Originally, I was going to describe my trip to the dentist. Then I thought, how dull! Why would anyone want to read about that? There is nothing vaguely amusing, or scary, about a cracked molar. Stuff like that happens all the time. And apart from the resulting toothache that prompted the visit, the episode overall wasn’t all that painful. However, as this storyteller recently discovered, drama is as much about perspective as it is about presentation and content…and pretending you’re someplace you’re not. So relax and enjoy the visit. I promise, you won’t feel a thing.
Seeing a dentist is actually one of the few ordeals in life that don’t intimidate me. There are far worse trials, far as I’m concerned, than having my teeth worked on. For example, I’d rather undergo a root canal any day, even an extraction, than to balance myself on a ladder. Heights terrify me. Of course, if it’s a tossup between climbing a ladder and making a phone call, I’d opt for the ladder in a heartbeat. Tells you how I feel about phones.
A needle syringe is something else that doesn’t unnerve me the way it does other people. What’s with some of the patients on those medical emergency shows? You see a guy whose arm was mangled in a mulcher, cradling his bloody appendage. The ER nurse tries to administer a tetanus shot, and he recoils in horror. “Please, no needles! I despise needles!” I’m thinking: Get real, fella! Your arm has just been ground into hamburger, and you’re afraid of one skinny little needle??? Compared to that, an injection is barely a kiss!
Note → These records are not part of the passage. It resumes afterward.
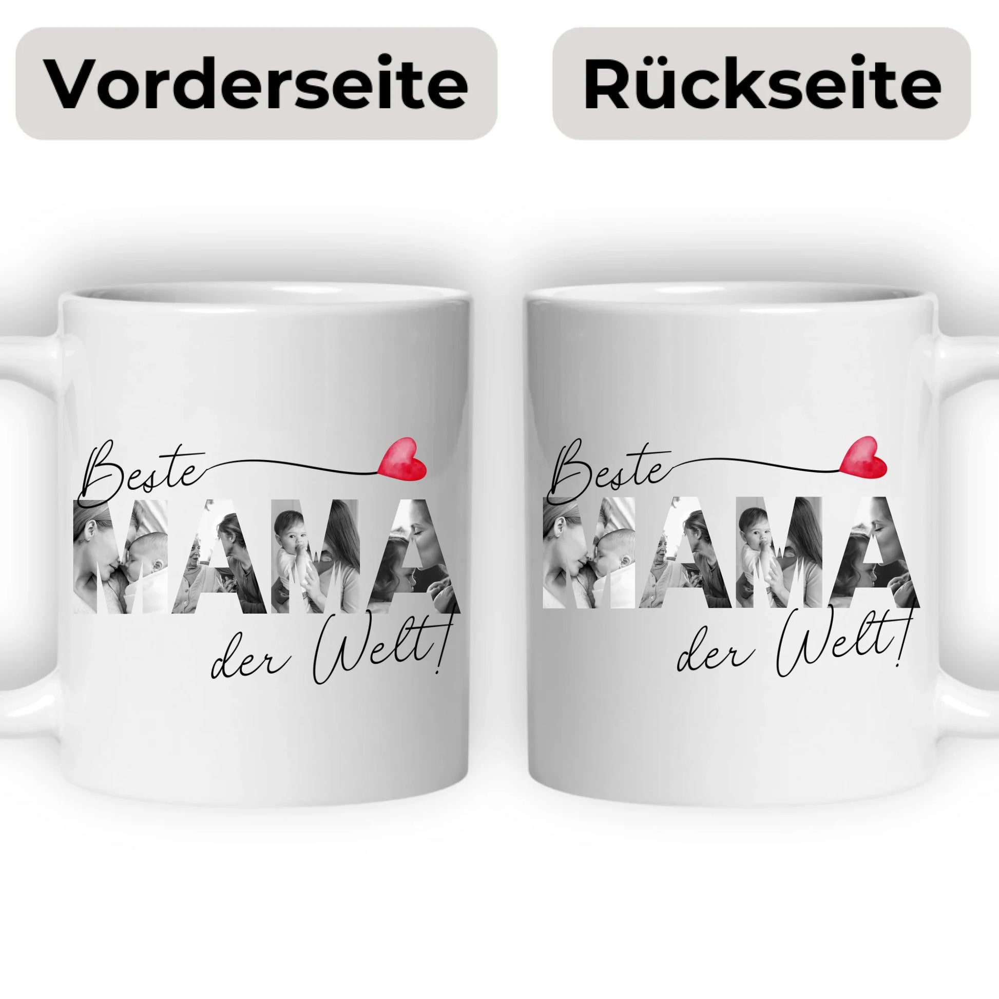 Personalisiertes Geschenk für Mama – Foto-Tasse „Beste Mama“ mit 4 Wunschfotos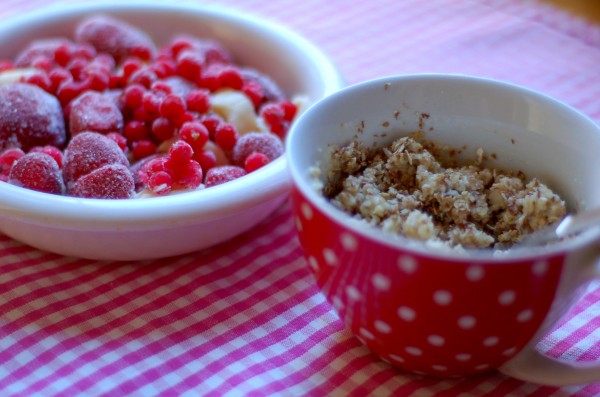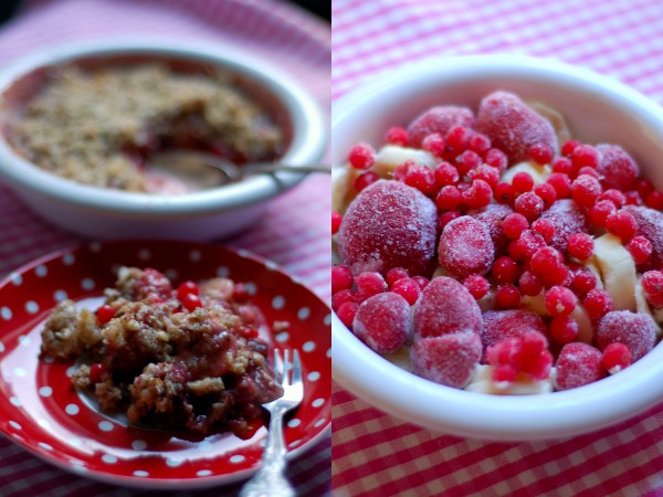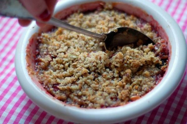 Det är svårt att tro när man äter den, men den här smulpajen är i själva verket en ganska nyttig historia. Jag bakar den i en mindre porslinsform och använder hemgjord müsli och de frukter och bär jag har tillgängliga i fruktskål eller frys. Senast blev det jordgubbar, röda vinbär och banan.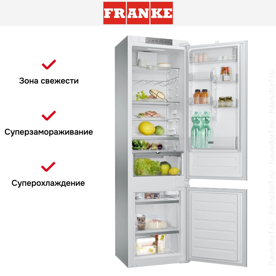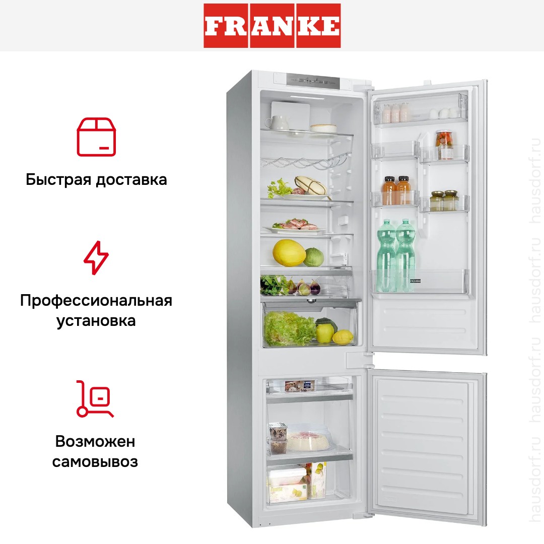 Встраиваемый холодильник Franke FCB 360 V NE D — вместительная и технологичная техника, созданная для требовательных пользователей, ценящих порядок, свежесть продуктов и безупречную интеграцию в интерьер кухни. Благодаря увеличенной высоте и двум раздельным отсекам — холодильной камере сверху и морозильной снизу — прибор обеспечивает оптимальные условия хранения как повседневных, так и сезонных запасов, сохраняя их качество на протяжении длительного времени.
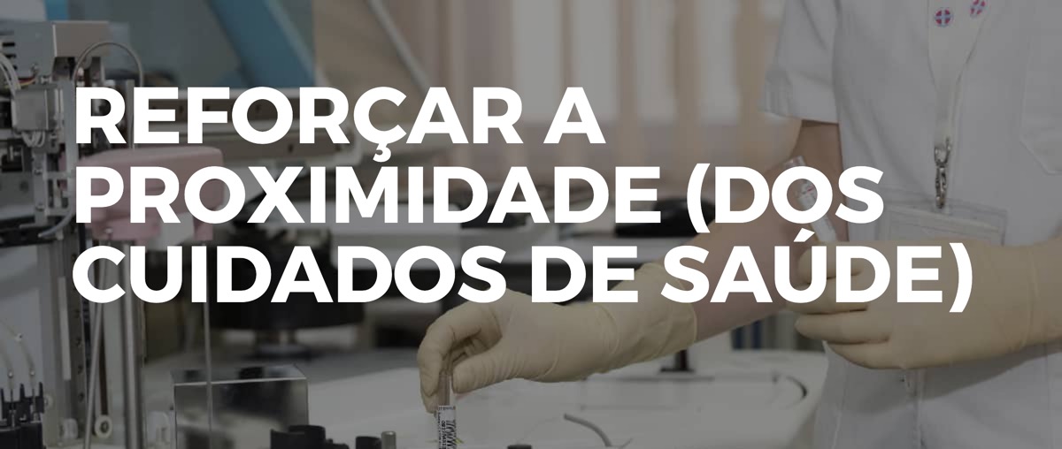 Reforçar a proximidade, garantindo que todos têm médico e enfermeiro de família e que estes se encontram integrados em equipas com assistentes operacionais, assistentes sociais e pessoal administrativo (assistentes técnicos); garantindo que o número de utentes de cada médico de família permite um acompanhamento efetivo (reduzir o número de utentes para menos de 1500 utentes por médico); requalificando os centros de saúde; aumentando a disponibilidade de cuidados continuados (de convalescença, recuperação e reintegração de doentes crónicos e pessoas em situação de dependência) no próprio domicílio ou nas zonas de residência da família; garantindo um melhor atendimento global aos doentes oncológicos através de uma rede alargada com centros oncológicos em todas as regiões; garantindo a presença de pessoal com formação em língua gestual portuguesa, assim como uma rede de tradutores rapidamente ativada para dar resposta às comunidades emigrantes que não falam português.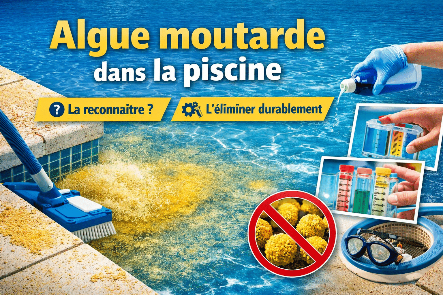 Algue moutarde dans la piscine : la reconnaître, l’éliminer vraiment et éviter qu’elle revienne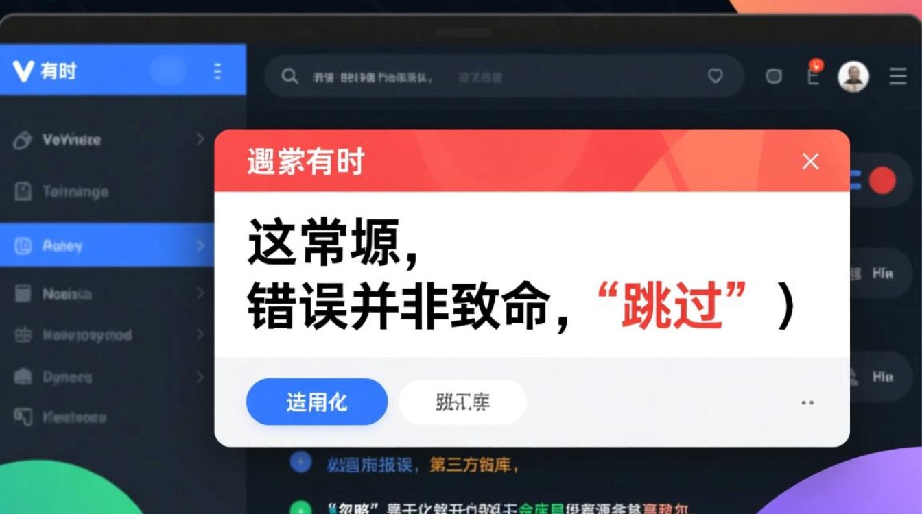 在Vue项目的开发过程中,遇到报错是家常便饭,有时,这些错误并非致命,或者源于第三方库,开发者可能会产生“跳过”或“忽略”这些报错的想法,以确保应用的主要功能能够继续运行,直接“跳过”报错往往治标不治本,甚至可能埋下更深的隐患,本文将深入探讨在Vue中处理和“跳过”报错的多种方法,分析其背后的逻辑与风险,并提供更优的实践建议。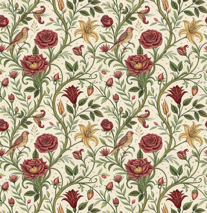 Floral wallpaper patterns inspired by early 20th-century Art Nouveau.
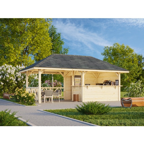 | Design-Merkmale | Klassische Pavillonform mit einem stabilen Dachkonstruktion. Die naturbelassene braune Farbgebung unterstreicht den rustikalen und gleichzeitig eleganten Charakter. Die großzügige Grundfläche von über 17 m² ermöglicht vielfältige Einrichtungskonzepte. Integrierte Elemente wie Pfosten und Dachsparren sind präzise gefertigt. |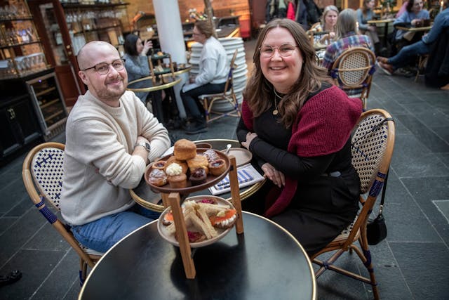 Doften av nygräddade scones blandas med aromerna från svart, grönt och rött te...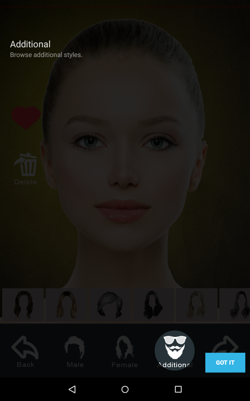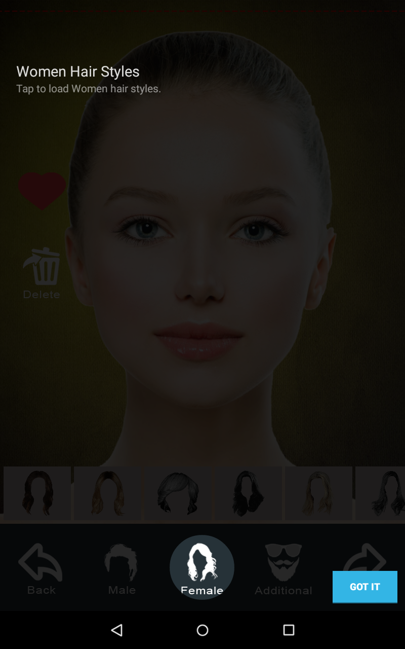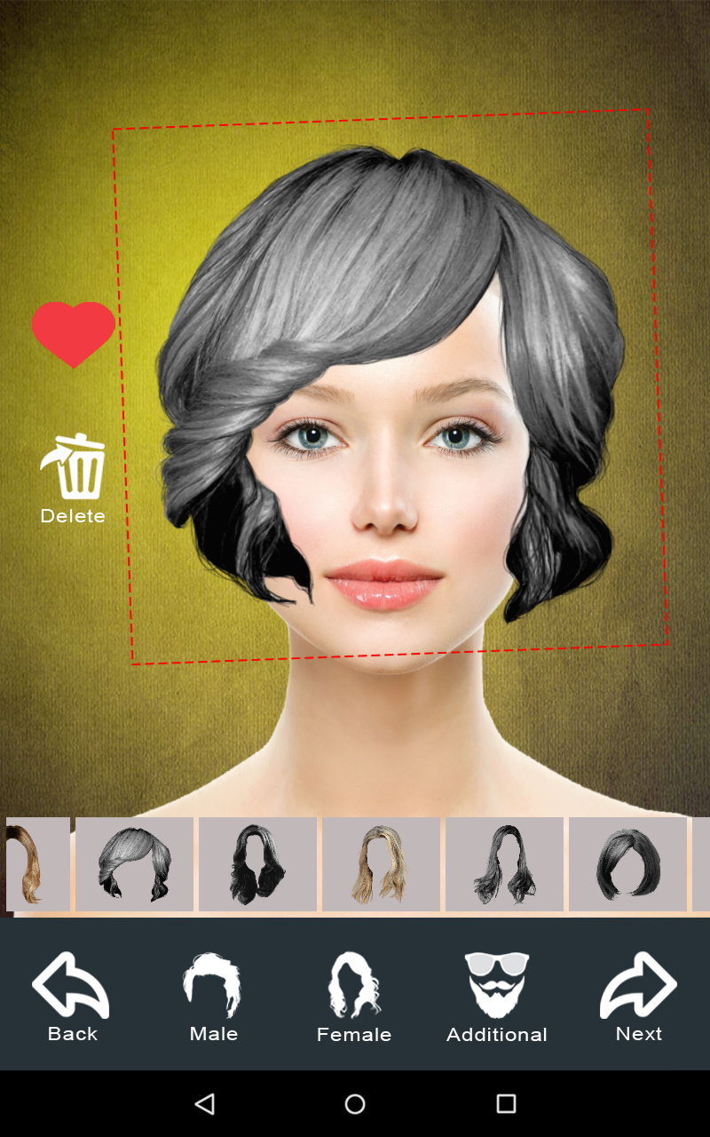 Hair style changer app enables you to check out what you would look like with different types of hairstyle makeover and hair colors on your photo. This app includes more than 50 cute hairstyles for girls and Latest boys hairstyles. The app gives you an idea about how to do a Woman hair style photo montage. This hair extension changer app or wigs changer app has an official video channel in the name of hairstylesapps.com on youtube which helps women and girls to make Hairstyles Step by Step. Apart from hairstyle changing this app also provide makeup items like Mustache, sunglasses, the beard so that Man can enjoy Hair and Mustache style like a pro. There are three sections inside app one section like girls hairstyle or woman hairstyle, boys hairstyle or man hairstyle and a new section called additional which has mustache, beard, sunglasses. Make a stunning photo manipulation by picking your favorite hair sticker! Enhance your photo montage with super cute photo effects and gorgeous filters like sepia, vintage, grunge, etc. This app offers the excellent collection of best free hair stickers and Deco stamps that you can use to embellish photos. Watch how your face gets an entirely new look by adding different hair color, blonde highlights or fresh haircut. Key features :- * Collection of beautiful hair and mustache / Beard styles. * All hair / mustache / beard styles designed to fit to any face. * Different styles Male, Female, Short, Medium, Long,hair cut, Beards and Mustaches. * Cut the hairstyle by touching parts you don’t want. * Allow to erase unwanted portion. * Unique flip option to properly fit hair style into your face. * 30 cool hair and mustache colors like blonde, brunette, red , brown , gray , blowout burgundy chocolate cherry , golden brown etc. *30+ image effects. * Easy rotation and zoom . * It let you share your beautiful hair style with your friends. Supports multiple social media sharing. How to use :- 1.Select your photo from gallery or capture from camera. 2. Choose your hair / mustache / beard / sun glasses style. 3. Scale and rotate to fit hair / mustache / beard / goggles style to your face( both with slider bar and fingers). 4.Add color to hair and mustache / beard. Now you can add color to goggles also. 4. Erase unwanted portion from your photo. 5. Flip left and right. 6. Apply effects to the final output. 6. Share your photo with Facebook, Instagram etc to your friend , family and hair stylist. 7. Save your creativity to gallery. 8. Set image to wallpaper.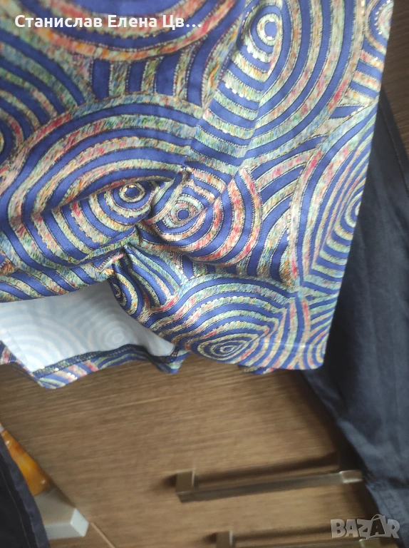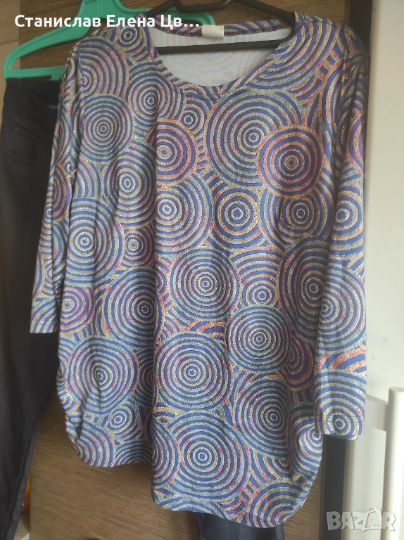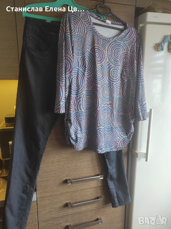 Дамски тъмносин еластичен панталон, тъничък, размер по етикет 42. Към него блузка цветна, еластична, размер по етикет 46. Като нови.

Again, it all boils down to perspective. In my time, I’ve had doctors stick needles in my gums, needles in both my eyes, needles in fresh wounds, needles in places I’d rather not talk about. Does having my flesh punctured provoke fits of hilarity? Hardly. BUT…it beats swabbing public latrines. Or watching reruns of “Gomer Pyle.” Or pretending I’m overjoyed to receive a call from someone I don’t feel like talking to. (I really do hate phones!)
That’s not to imply that sitting in the dentist’s chair all afternoon was fun. I’d have preferred my comfy recliner at home. Also, the experience would have been more diverting had the dental assistant assigned to me worn an alluring fragrance, or whispered sweet, semi-audible nothings in my ear while she shoved gauze and hardware down my throat. I could go on about her, but probably shouldn’t, seeing how she might read this piece in FT and take offense at my remarks. Not cool! Generally speaking, women who stick sharp tools and junk into people’s mouths for a living should NOT be insulted or trifled with. A man could lose more than a tooth that way. (Bear with me; this is the happy gas speaking.)
My root canal would certainly have been more profitable had the dentist PAID me to keep my jaw propped open for two hours at a stretch, gagging and choking back my spit and boring myself into a funk, instead of billing me for the visit. But who’s complaining? In exchange for my courage and good humor during the procedure, I received my very first crown! I could almost hear “Pomp and Circumstance” blaring through the office vents, throngs of devoted subjects cheering me on, chanting my name. I envisioned men on horseback, jugglers, clowns and brightly attired ladies somersaulting down the boulevard; floats, fireworks, marching bands, and banners bearing my image. (I do so LOVE that gas!) The fantasy gave me such a rush, I hurried home and busted a second tooth so I could start the entire process again!
There was only one problem about making another appointment. It involved using my old nemesis, the telephone. UGH! At first, I was going to have my wife make the call for me, like she usually does. Then I remembered: Hey, I’m royalty now! A king doesn’t let his queen fight his battles. Besides, I’d win more bravery points if I performed the odious deed myself this time—not to mention a second crown. Wouldn’t Jann be proud!
So this big boy girded himself and made the dreaded call. Everything else was gravy.